Question

I am building a new environment using the SQL Server 2017 Always-On system.

This will be active 24/7 and there will be lots of DML processes.

I have a 100GB SAS for the OS, a 1TB SAS for Data and a 1TB SSD disk for the TempDB and log files.

  • C:/ - 100GB - SAS
  • D:/ - 1TB - SAS - Data files
  • E:/ - 1TB - SSD - Log/TempDB Files

Is the above structure correct for best performance/best practice? Or should I change Log/Tempfile to SAS instead of Datafiles ?

For a single production database, how many Data and Log files do I need to create? 1 data file and 1 log file is best practice?

Was it helpful?

Solution

Storage perspective Best Practices :

  1. Have separate drives for Data,Log and Tempdb. Do not keep the log files and Tempdb files on same drive as Tempdb is very active and needs good IOPS all the time. So add another drive for Tempdb.
  2. If you can, keep data files too in SSD. This will enhance your performance in case the db is very read/write intensive.
  3. Enable Instant File Initialization.

Also I want to ask that for single production database how much Datafile/logfile need to create? 1 datafile and 1 logfile is best practice?

Adding multiple log files does not help or improve the performance as the logging is done sequentially. Paul Randal has a great blog article where he proved why multiple log file is bad for you.

On data files, having one mdf file is good enough. If your database will be huge then later go for filegroup partition.
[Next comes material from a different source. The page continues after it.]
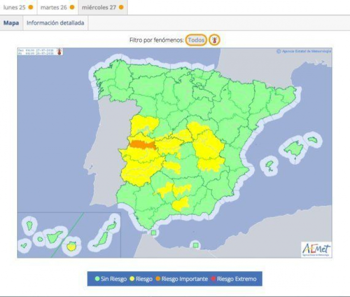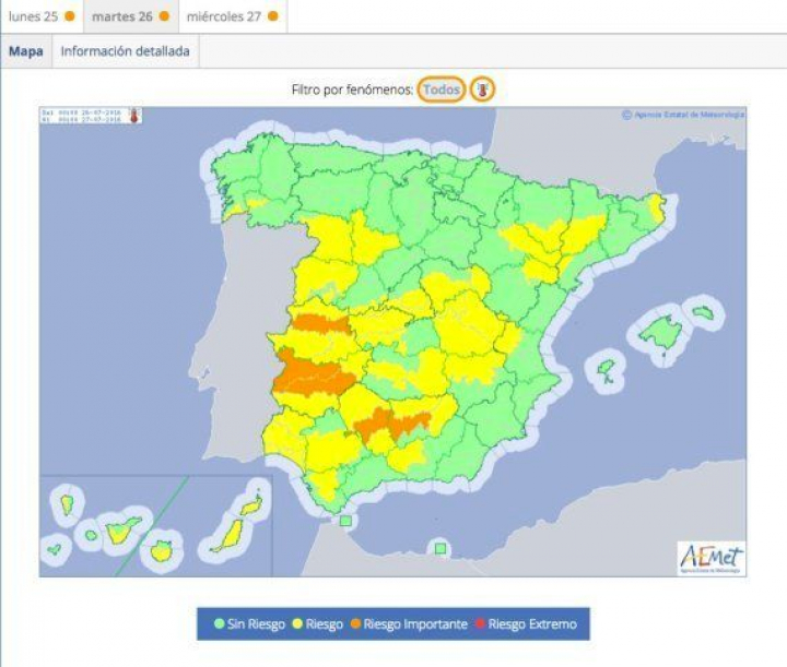 Aquí puedes ver qué alertas hay en cada zona estos días:

There may or may not be any improvement in performance if you add multiple datafiles for user databases which is totally unpredicatable.Another blog from Paul Click here where he answers this. In my environment we only use single datafile unless we run out of space and an extra .ndf needs to be added directing data to another drive.

Below is a snippet from Microsoft Documentation :

Storage

Use different disks or disk partitions for the following:

  1. Windows operating system.
  2. Data files for the system databases.
  3. Log files for system and user databases.
  4. Data and log files for the TempDB database.

For optimal read/write performance, make sure that disks that are used for SQL Server data files are formatted using 64 KB block size.